Long story short, we started going to church again. I’d been raised in one, my wife was a fallen-away Irish-Catholic girl.
It was a small church, with a minister who was trying to shake things up. A totally preppie, square, narcissistic sociopath who wanted to pretend to be a revolutionary, preaching a radical idea that came straight from the human potential movement, that we could be more fully human if we lived lives of self-examination and saw no limits to our potential. And, oh yeah, God was down with that. Like totally.
Far out, man.
Of course, this scared the straight people who ran the little church, and they canned him. A few of us walked out in self-righteous protest and formed a house church. It took us a while to figure out that he was a fraud, too, a pied piper with a bible.
I’m almost to the angel.
My wife and I were leading a retreat at a Quaker retreat center in Richmond, Indiana. Nice place. Wonderful people. We were happy.

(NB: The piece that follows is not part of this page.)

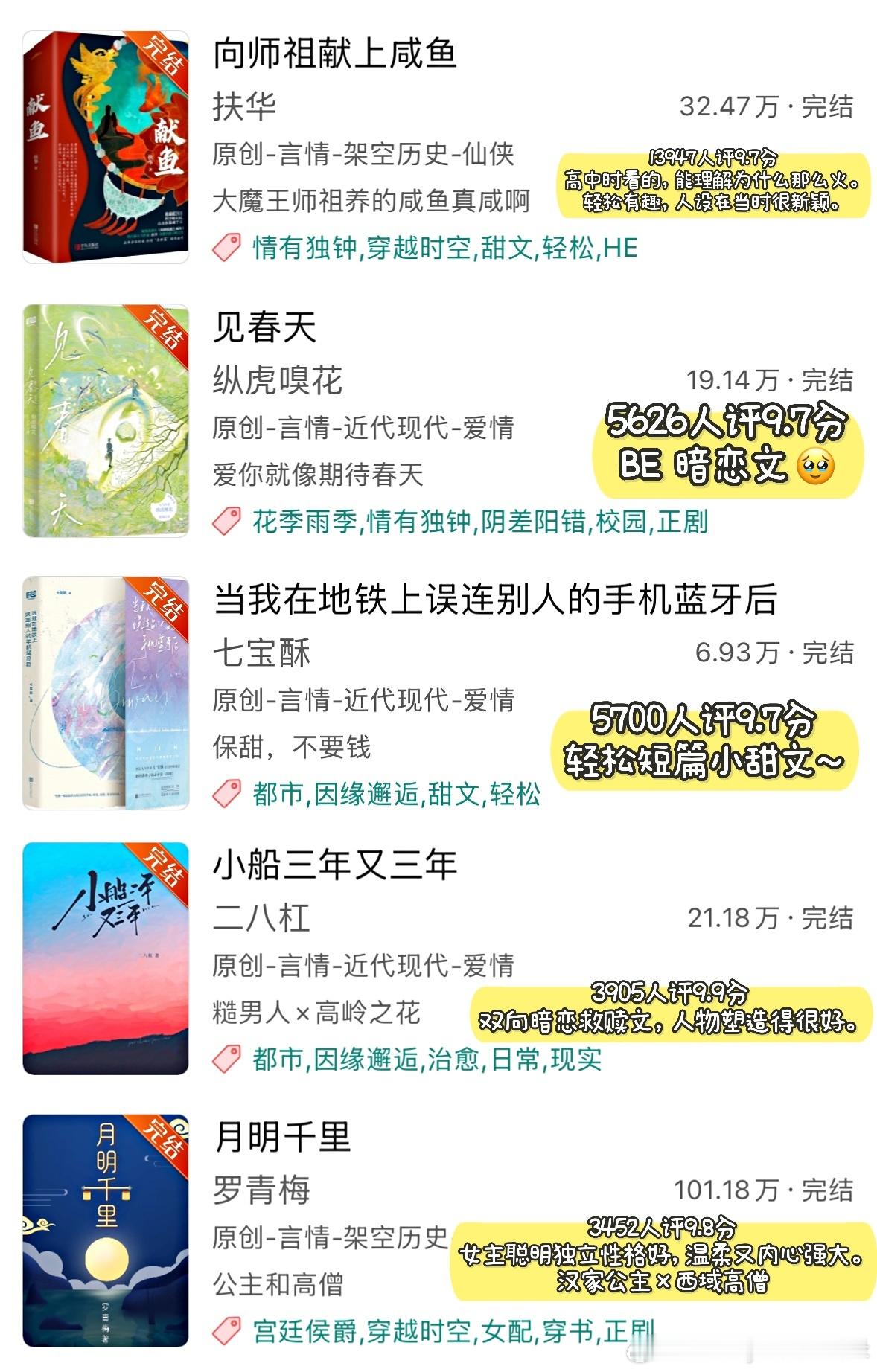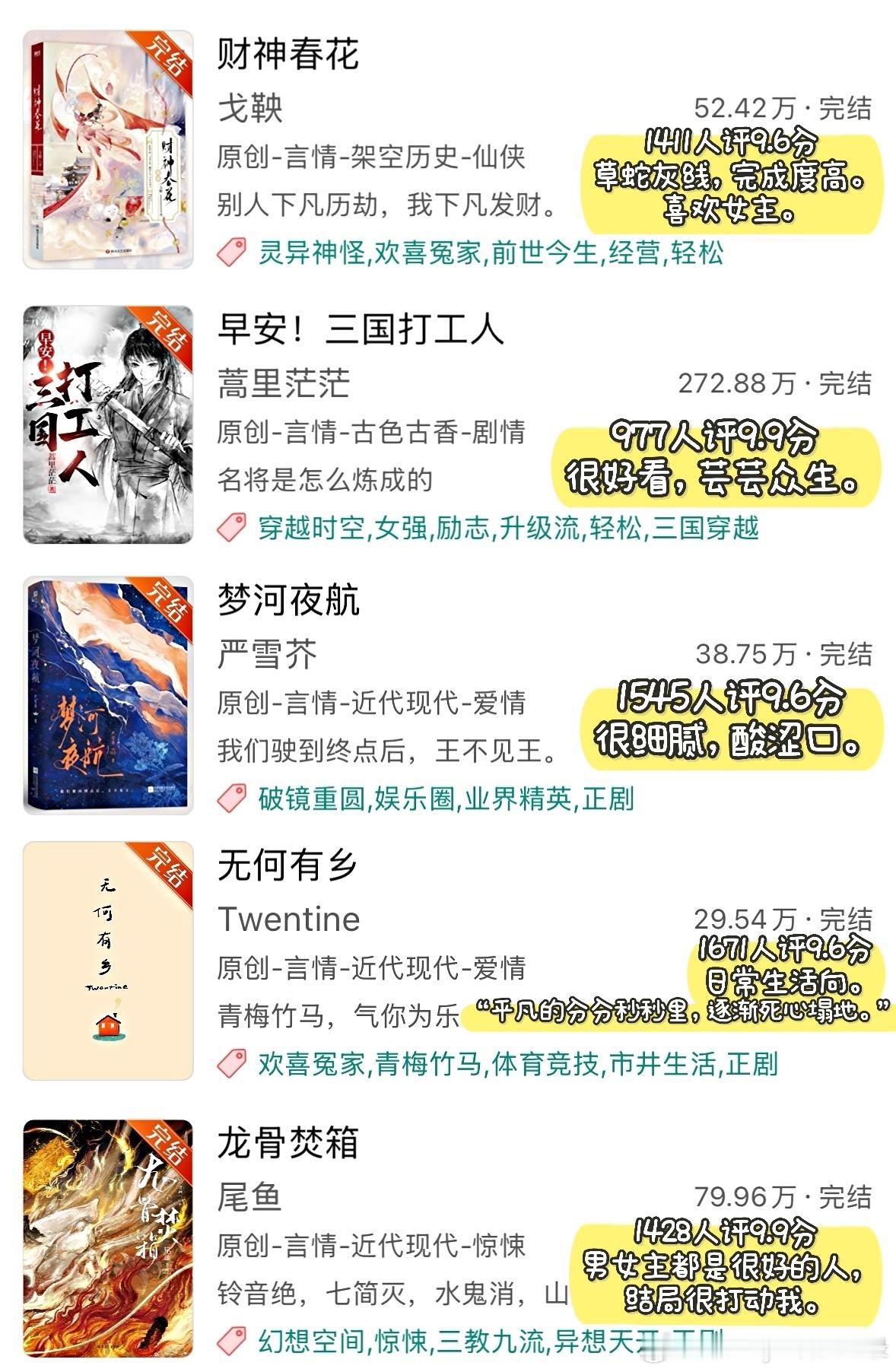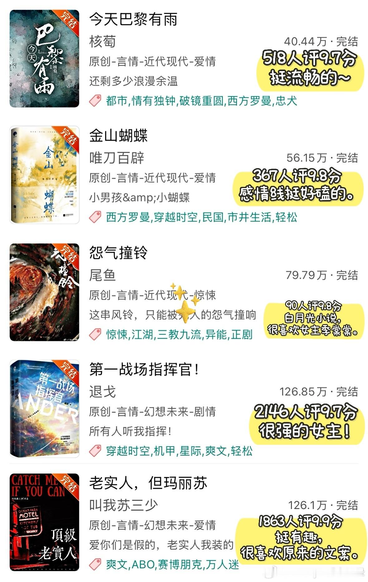 ◽️ 只是从高评分文里筛选我看过的小说,图片里的文并非全部都作推荐。这些小说几乎都有十万收藏以上,有些文虽然有几百人评分且达到9.9/10分,但并未放入其中,不过它们确实很好看!(详见Top100小说那期书单)◽️ 提到的小说:1. 《黑莲花攻略手册》白羽摘雕弓2. 《天才基本法》长洱3. 《我在废土世界扫垃圾》有花在野4. 《穿进赛博游戏后干掉BOSS成功上位》桉柏5. 《砸锅卖铁去上学》红刺北6. 《向师祖献上咸鱼》扶华7. 《见春天》纵虎嗅花|BE8. 《当我在地铁上误连别人的手机蓝牙后》七宝酥9. 《小船三年又三年》二八杠10. 《月明千里》罗青梅11. 《十二年,故人戏》墨宝非宝12. 《坤宁》时镜13. 《攻略不下来的男人》袖侧14. 《五十年代jūn工大院》鹿子草15. 《长安第一美人》发达的泪腺16. 《深情眼》耳东兔子17. 《寄生之子》群星观测|无CP18. 《姜姬》多木木多19. 《桥头楼上》priest|无CP20. 《恰逢雨连天》沉筱之21. 《攻玉》凝陇22. 《去你的岛》番大王|BE23. 《六十二年冬》多梨24. 《在暴雪时分》墨宝非宝25. 《你是我的荣耀》顾漫26. 《不醒》一度君华27. 《长安小饭馆》樱桃糕28. 《维持女配的尊严》淅和29. 《有匪》priest30. 《无污染、无公害》priest31. 《怨.气撞铃》尾鱼32. 《金山蝴蝶》唯刀百辟33. 《老实人,但玛丽苏》叫我苏三少34. 《第一战场指挥官!》退戈35. 《今天巴黎有雨》核萄36. 《财神春花》戈鞅37. 《早安!三国打工人》蒿里茫茫38. 《梦河夜航》严雪芥39. 《无何有乡》Twentine40. 《龙骨焚箱》尾鱼41. 《野狗骨头》休屠城42. 《我妻薄情》青青绿萝裙43. 《末.世第十年》扶华44. 《庸俗童话》七宝酥45. 《天才女友》素光同♦️ 欢迎补充~言情小说推荐热门小说推荐推文
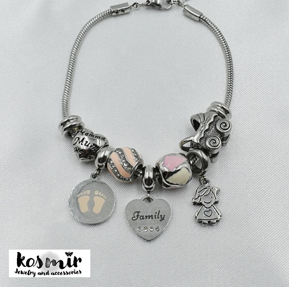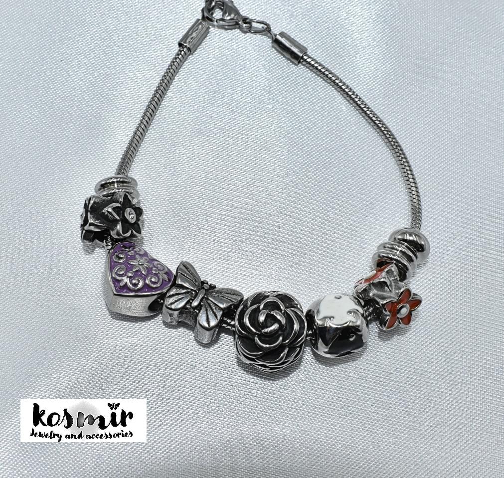 Τόσο το βραχιόλι, όσο και όλα τα beads και charms είναι από ατσάλι, που σημαίνει ότι είναι ανθεκτικά στο νερό, τη θάλασσα και τα χημικά.

Our group that weekend were ruddy-faced, church-going farmers. Hog farmers. Hog farmers in my experience are some of the best people on the planet. Maybe they have to be, given the reaction they get when they tell people what they do. The jokes. They learn forgiveness.
But this was a good group. Honest and down-to-earth. Decent. Kind people. Open to learning something new.
So, I don’t know how to explain it more. The vibe was good. Good people gathering with a good purpose. Maybe that’s what called the angel.
I hope so. Because that’s what was supposed to happen. I’d just never seen it happen. Ever. Before or since. In any church. It’s why I don’t go any more, probably.
I stood unable to move for long moments. The air seemed to hum soundlessly. Space/Time rippled and peeled back the face of the universe I’d always known.
Tears streamed down my face. I felt the Presence was both aware of me and was too far above me to be able to notice me. Both at the same time. I did not hear a noise or a voice or see a burning bush.
I just stood there, mind naked and exposed, and the angel stood, wings spread to span the whole building, protecting.
And after that, what more can you say on Good Friday?
What more can you say?
*Numinous /ˈnjuːmɨnəs/ is an English adjective, taken from the Latin Numen, and used by some to describe the power or presence of a divinity. The word was popularised in the early twentieth century by the German theologian Rudolf Otto in his influential book Das Heilige (1917; translated into English as The Idea of the Holy, 1923). The numinous experience also has a personal quality, in that the person feels to be in communion with a wholly other. The numinous experience can lead in different cases to belief in deities, the supernatural, the sacred, the holy and/or the transcendent.
The literature of religious experience abounds in references to the pains and terrors overwhelming those who have come, too suddenly, face to face with some manifestation of the mysterium tremendous, the Holy.